Padahal, menurut pelaku usaha muda yang meneruskan usaha batik dari neneknya itu, pembatik dari sejumlah desa di Bangkalan tetap membatik. Hal itu dilakukan karena membatik menjadi sumber penghasilan keluarga sehingga meski pasar batik lesu, karya pembatik tetap ditampung.
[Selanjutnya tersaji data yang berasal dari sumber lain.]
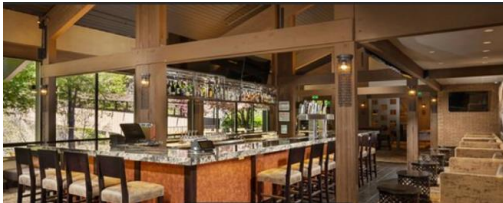
Onsite: Currents Bar & Restaurant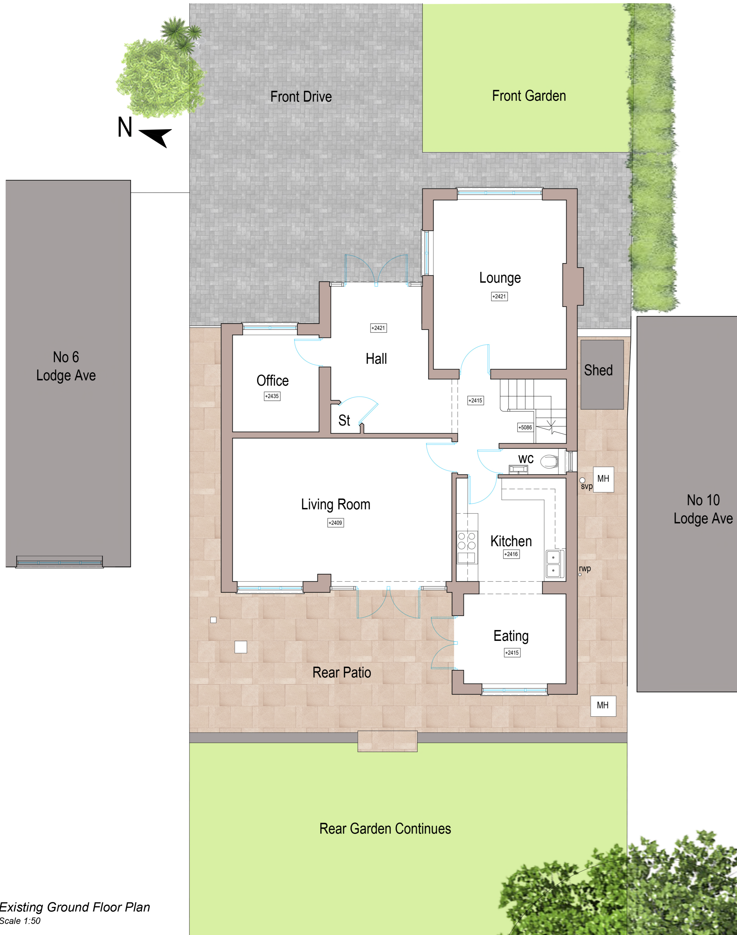
Existing Ground Floor Plan Scale 1:50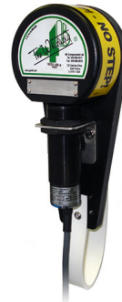
Whirligig® Speed Switch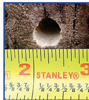
Figure 5. Acalolepta aesthetica adult beetle exit hole.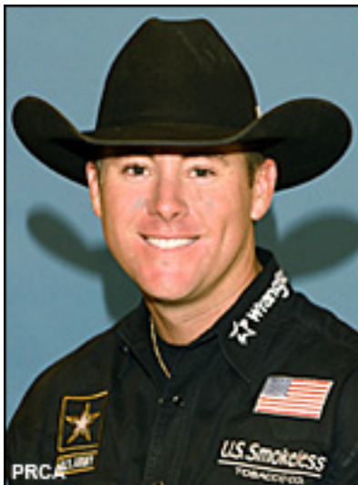
Trevor Brazile

In 1954, the Big Four started discussing a cash prize for the cowboy winning the most points at the four rodeos. The prize would recognize the rodeos' historical relationship, confirm their status among the nation's premier rodeos, provide an incentive for cowboys to enter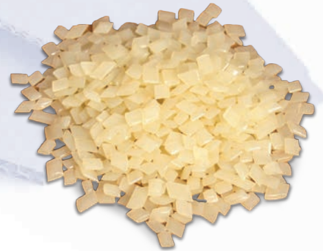
Hot melt granules in raw form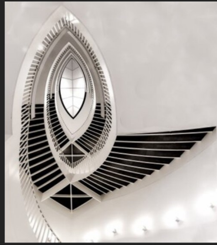
Honorable Mention Looking Up STEVE MAJSAK - USA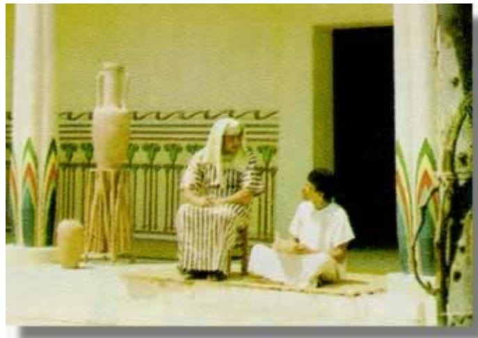
A Nobleman Relaxes at His Home

The ancient Egyptians loved art and their modern counterparts are no different. All over the Pharaonic Village, artisans work to create elaborate masterpieces using ancient styles and techniques, carefully researched to ensure a high level of realism. Painters, sculptors, scribes and even potters are all present in the Pharaonic Village, each one working on a very special project for the village. Many of the artifacts created will go on to enrich the authenticity of the village and the enjoyment of your tour, and in fact, all of the paintings, sculptures, and statues you see on your tour were created within the boundaries of the village by these artisans.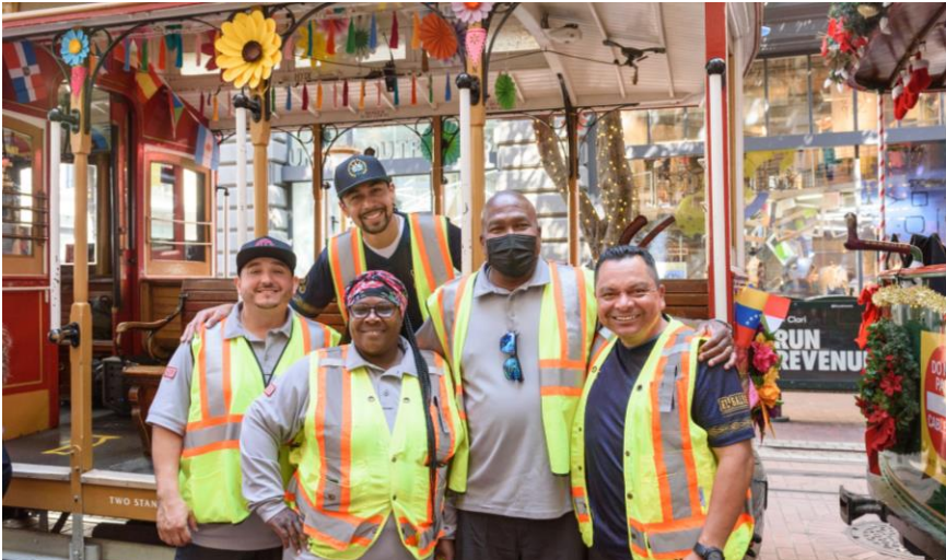
Improved organizational culture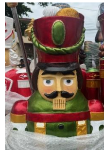
Nutcracker Soldier Statue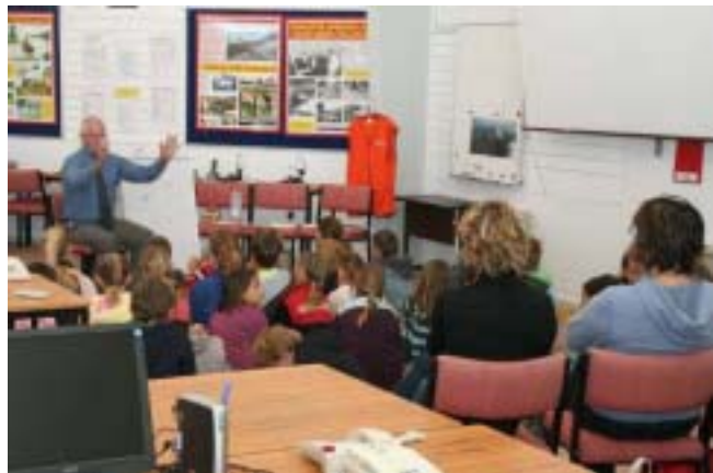
The Council Education officer hosting a class at the Taranaki Emergency Management office.

The 2007/2008 year saw an increasing number of schools become actively involved in the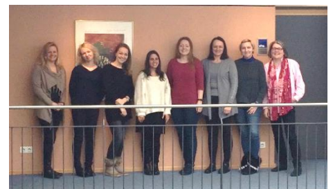
Second meeting in Cham

Co-funded by the Erasmus+ Programme of the European Union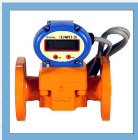
OVAL Oil Flow Meters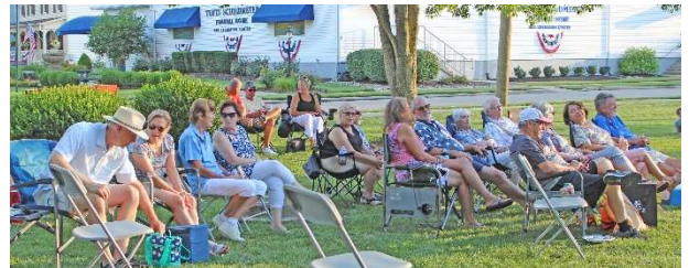
The weather was perfect for this outdoor event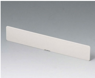
A9194007 Slot-in panel ABS (UL 94 HB) off-white RAL 9002 156x30x3mm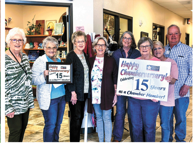
Margaret E. Blizzard Senior Activity Center 15 years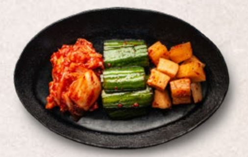
ASSORTED KIMCHI ≠ 8.5 A selection of spicy cabbage, radish and cucumber Kimchi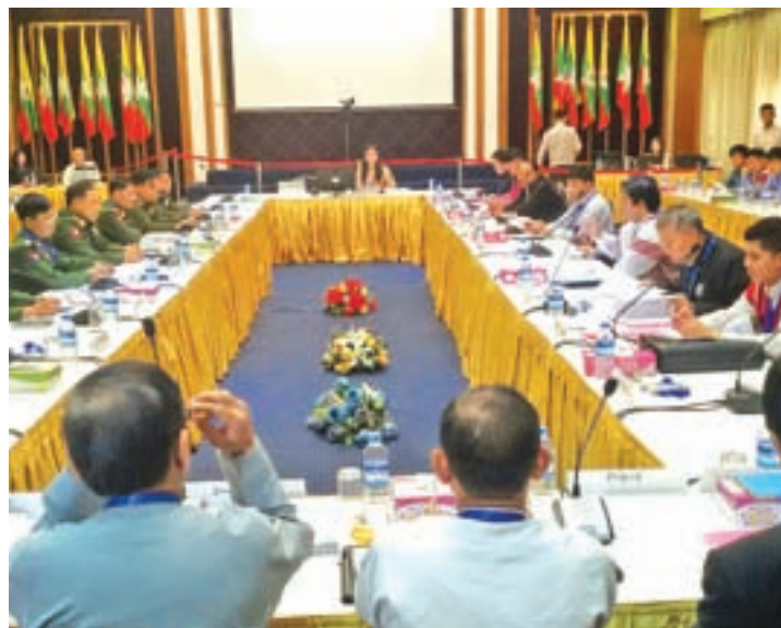
The meeting of Union Joint Ceasefire Monitoring Committee in progress at the National Reconciliation and Peace Centre in Yangon.

During the three-day meeting, the members of the JMC-U will also discuss matters on arrangements for a visit to the Philippines, conducting mine clearance trainings and demarcation for the troops.— Ye Khaung Nyunt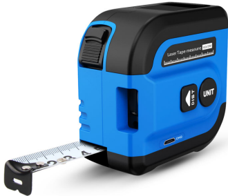
NF-2260L Laser Tape Measurer 1. Tape & Laser measurement. 2. Length, area and volume modes. 3. Max range: 60m. 4. Battery type: rechargeable Lithium battery.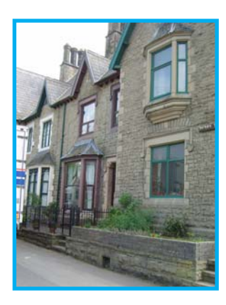
Figure 15: Merry Trees

Merry Trees is a terrace of two and three storeys built in coursed pitched faced stone with a steeply sloping decorated slate roof ( Figs 15 and 16 ). The terrace stands on a stone platform raised above road level and topped by large stone flags ( Fig 17 ).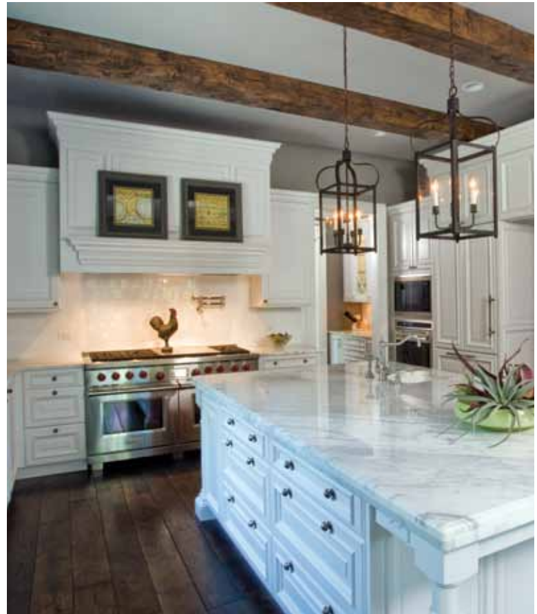
Orren Pickell Signature Collection cabinetry with Carrara marble countertops and reclaimed wood beam ceiling.

They looked to Orren's team to implement design elements from The Scottish Manor into their new home,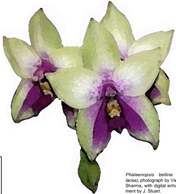
Phalaenopsis bellina (violacea)

DON'T FORGET TO BRING YOUR BLOOMING ORCHIDS FOR THE MONTHLY SHOW TABLE!!!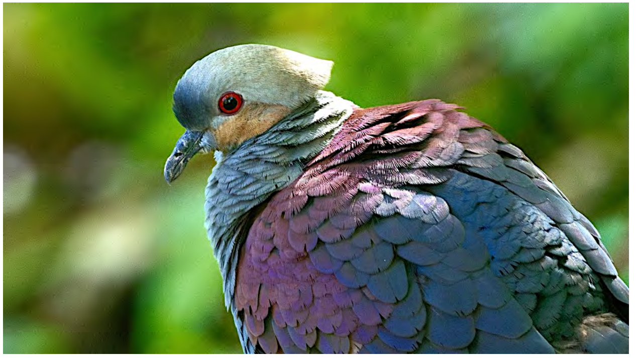
Jamaica has 28 endemic species, including the Crested Quail-Dove. This is one of the most sought-after of the endemics, and can be difficult to see, but we've had great luck with them!.

We include here information for those interested in the 2026 Field Guides Jamaica tour:

”Saya tidak sampai hati menolak karya pembatik,” kata Fausi, yang selama pandemi Covid-19 gencar menyasar konsumen melalui media sosial Instagram dan Facebook. Begitu ada batik langsung disebarkan melalui media sosial dan selalu ada saja konsumen yang tertarik untuk membeli.
Pengunjung melihat batik yang dijual saat Pameran Batik ”Sepenggal Kisah dan Sejarah Mahakarya Batik Pamekasan” di Hotel Bumi, Surabaya, Kamis (2/10/2020). Pameran yang diisi dengan sarasehan dan peragaan busana diselenggarakan dalam rangka Hari Batik Nasional. Kabupaten Pamekasan merupakan sentra kerajinan Batik di Jawa Timur.